Exercise data
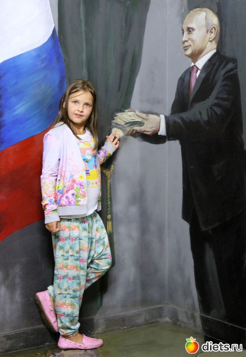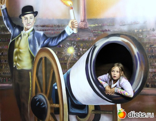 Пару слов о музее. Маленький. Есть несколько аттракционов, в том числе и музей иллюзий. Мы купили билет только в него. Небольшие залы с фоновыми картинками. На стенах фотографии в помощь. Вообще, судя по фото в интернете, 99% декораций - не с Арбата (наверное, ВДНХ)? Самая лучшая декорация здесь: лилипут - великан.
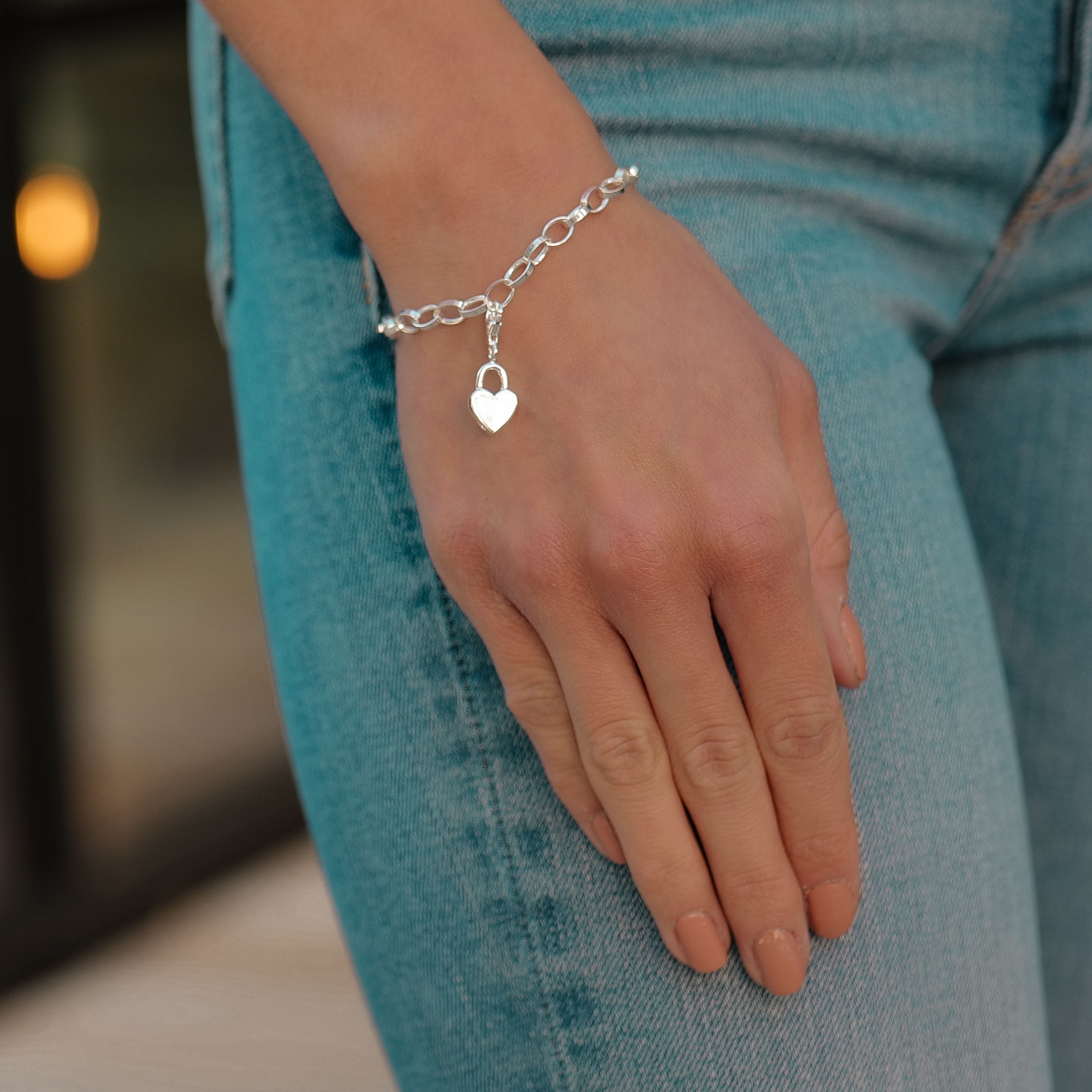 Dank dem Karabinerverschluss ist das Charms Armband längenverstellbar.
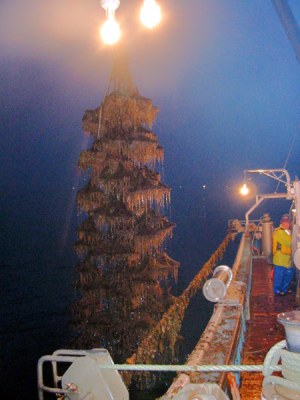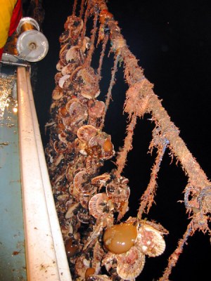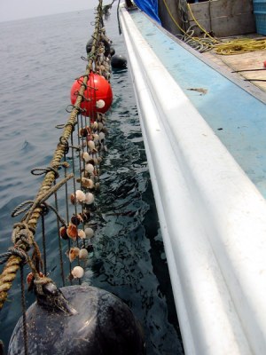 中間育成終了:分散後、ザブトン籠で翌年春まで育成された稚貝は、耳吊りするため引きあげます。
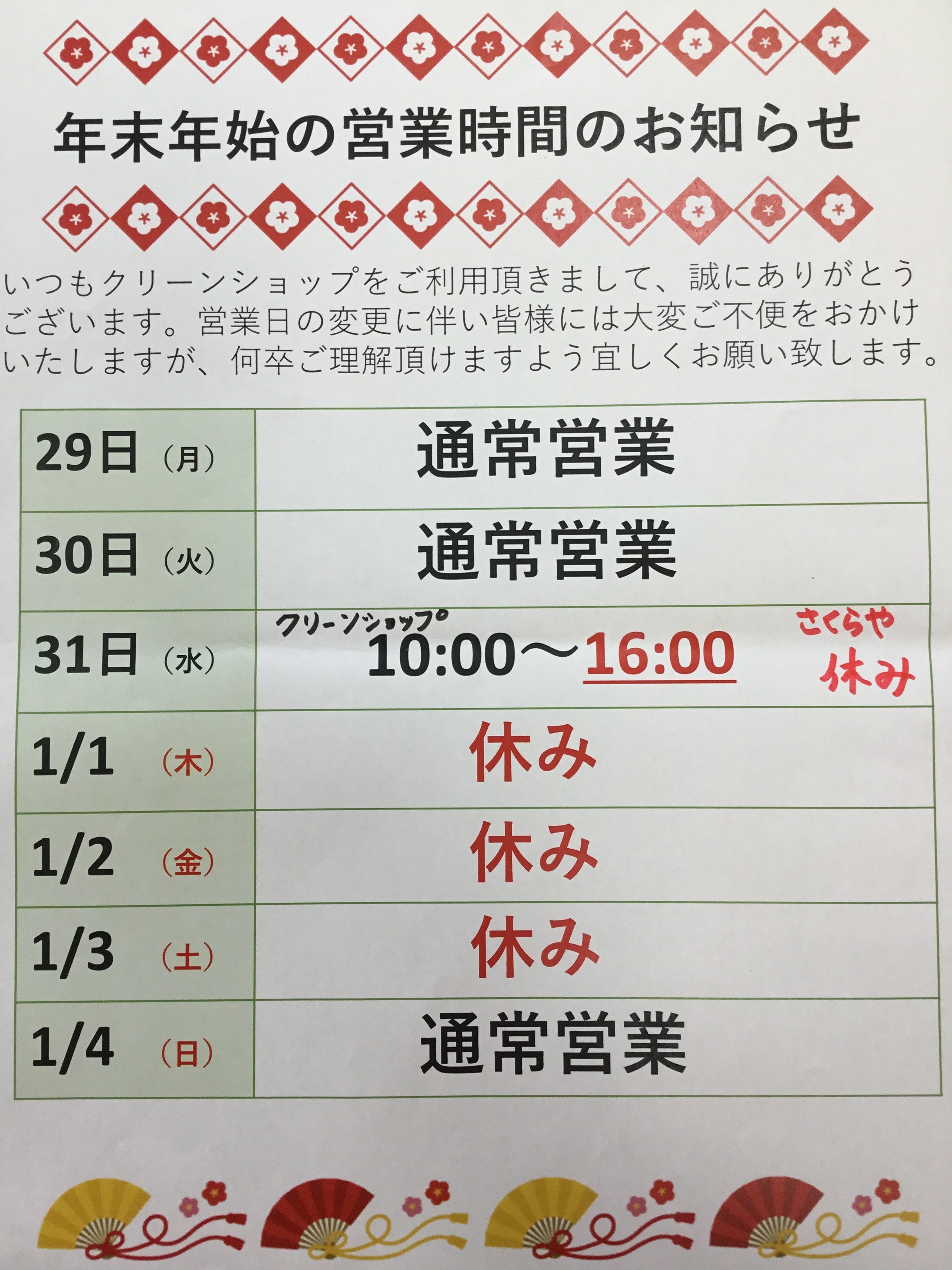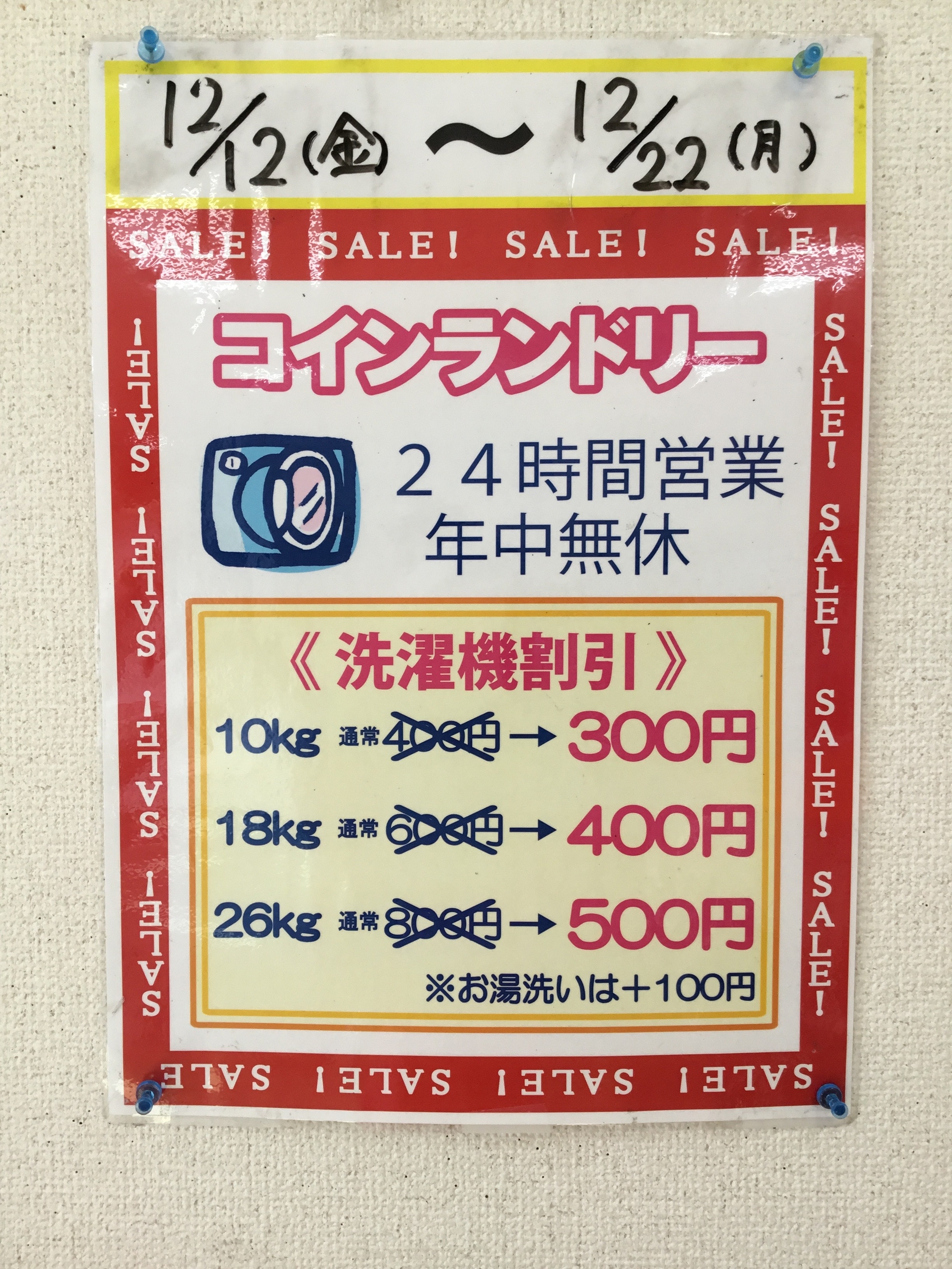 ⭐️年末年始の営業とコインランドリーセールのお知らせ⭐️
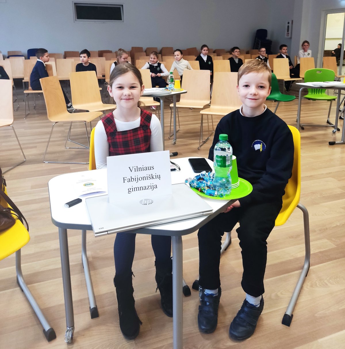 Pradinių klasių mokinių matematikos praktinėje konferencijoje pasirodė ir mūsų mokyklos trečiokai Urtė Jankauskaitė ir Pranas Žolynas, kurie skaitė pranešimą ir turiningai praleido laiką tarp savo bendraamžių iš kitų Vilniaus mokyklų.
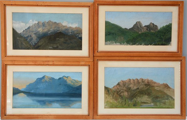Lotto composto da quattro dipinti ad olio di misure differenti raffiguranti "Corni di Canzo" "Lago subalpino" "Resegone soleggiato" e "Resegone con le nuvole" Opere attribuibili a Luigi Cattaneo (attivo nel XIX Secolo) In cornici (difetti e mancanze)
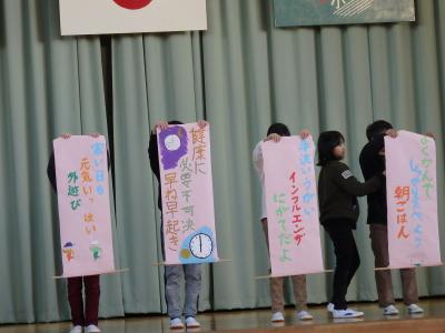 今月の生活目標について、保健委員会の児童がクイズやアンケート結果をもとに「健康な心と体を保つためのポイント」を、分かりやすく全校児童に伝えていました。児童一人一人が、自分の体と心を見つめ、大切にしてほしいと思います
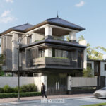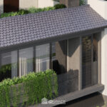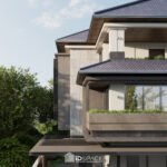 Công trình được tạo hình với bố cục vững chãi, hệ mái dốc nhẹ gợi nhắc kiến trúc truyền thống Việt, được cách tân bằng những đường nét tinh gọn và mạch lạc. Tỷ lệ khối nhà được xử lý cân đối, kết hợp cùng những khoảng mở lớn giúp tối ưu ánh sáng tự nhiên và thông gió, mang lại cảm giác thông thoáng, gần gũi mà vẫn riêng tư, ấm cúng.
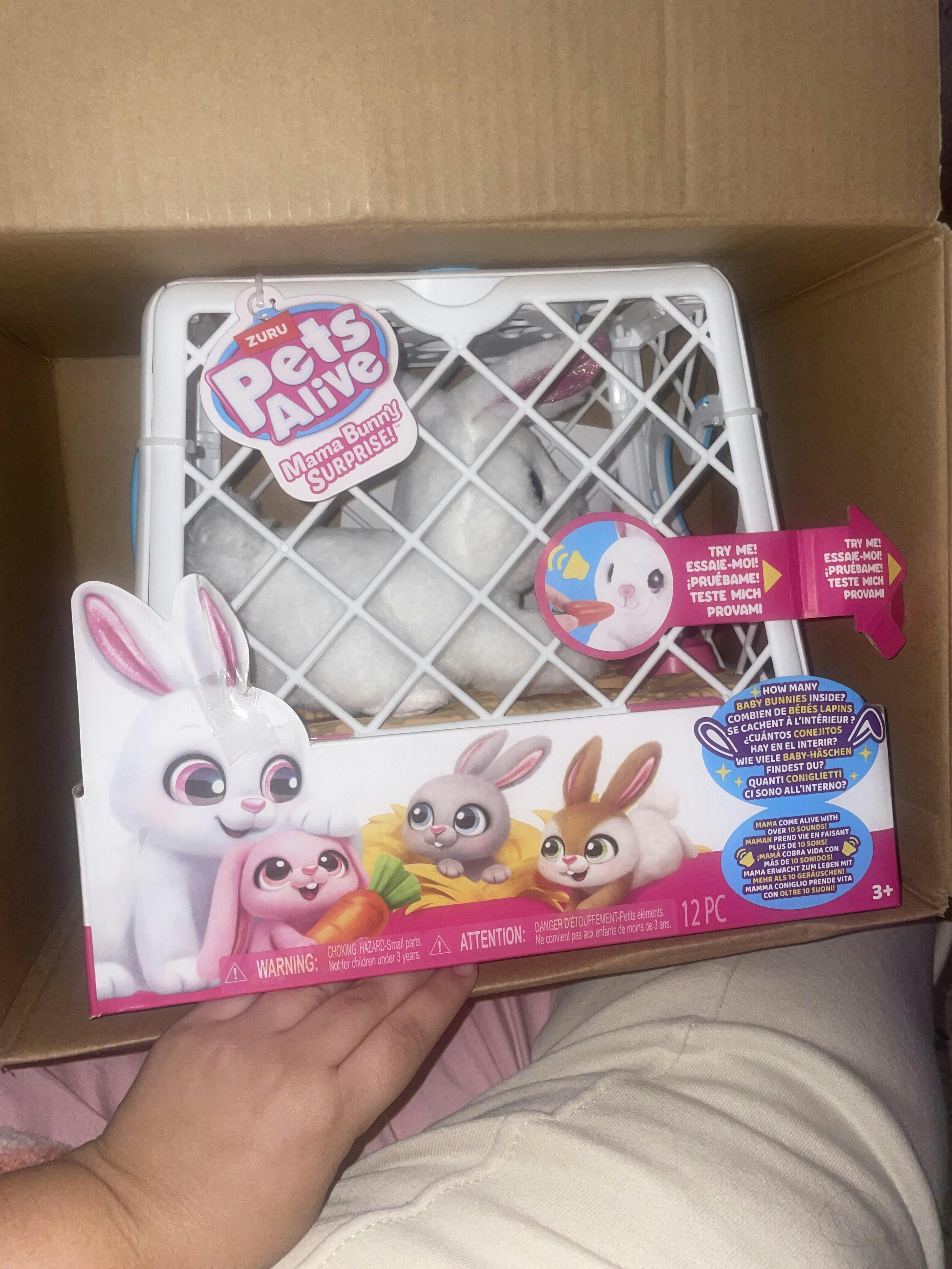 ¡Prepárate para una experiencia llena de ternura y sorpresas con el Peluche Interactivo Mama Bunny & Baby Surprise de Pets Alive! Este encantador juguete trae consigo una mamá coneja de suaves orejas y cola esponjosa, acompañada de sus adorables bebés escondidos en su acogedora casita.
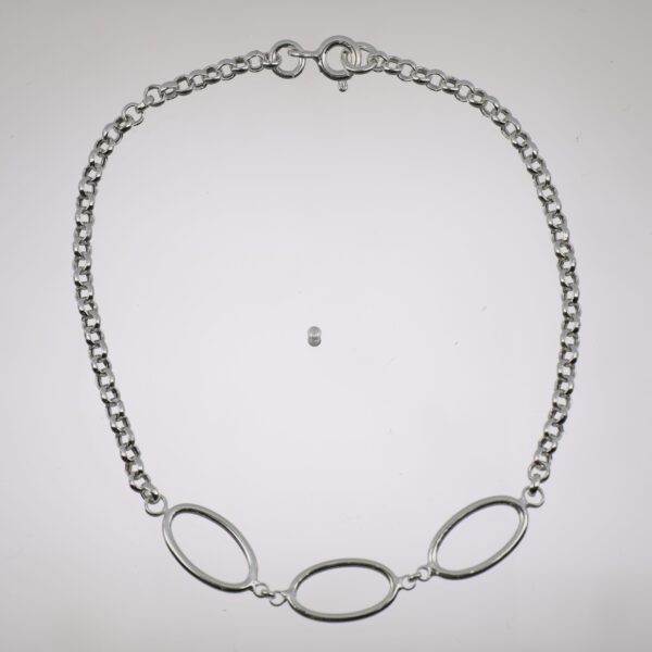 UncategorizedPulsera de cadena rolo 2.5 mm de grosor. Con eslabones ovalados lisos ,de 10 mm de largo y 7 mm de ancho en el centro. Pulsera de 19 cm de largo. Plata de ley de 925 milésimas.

What is expected
What you print must be exactly the lines from the one containing "su acogedora casita." through the last line of the material, and no pictures.

Solved problem
 ¡Prepárate para una experiencia llena de ternura y sorpresas con el Peluche Interactivo Mama Bunny & Baby Surprise de Pets Alive! Este encantador juguete trae consigo una mamá coneja de suaves orejas y cola esponjosa, acompañada de sus adorables bebés escondidos en su acogedora casita.
 UncategorizedPulsera de cadena rolo 2.5 mm de grosor. Con eslabones ovalados lisos ,de 10 mm de largo y 7 mm de ancho en el centro. Pulsera de 19 cm de largo. Plata de ley de 925 milésimas.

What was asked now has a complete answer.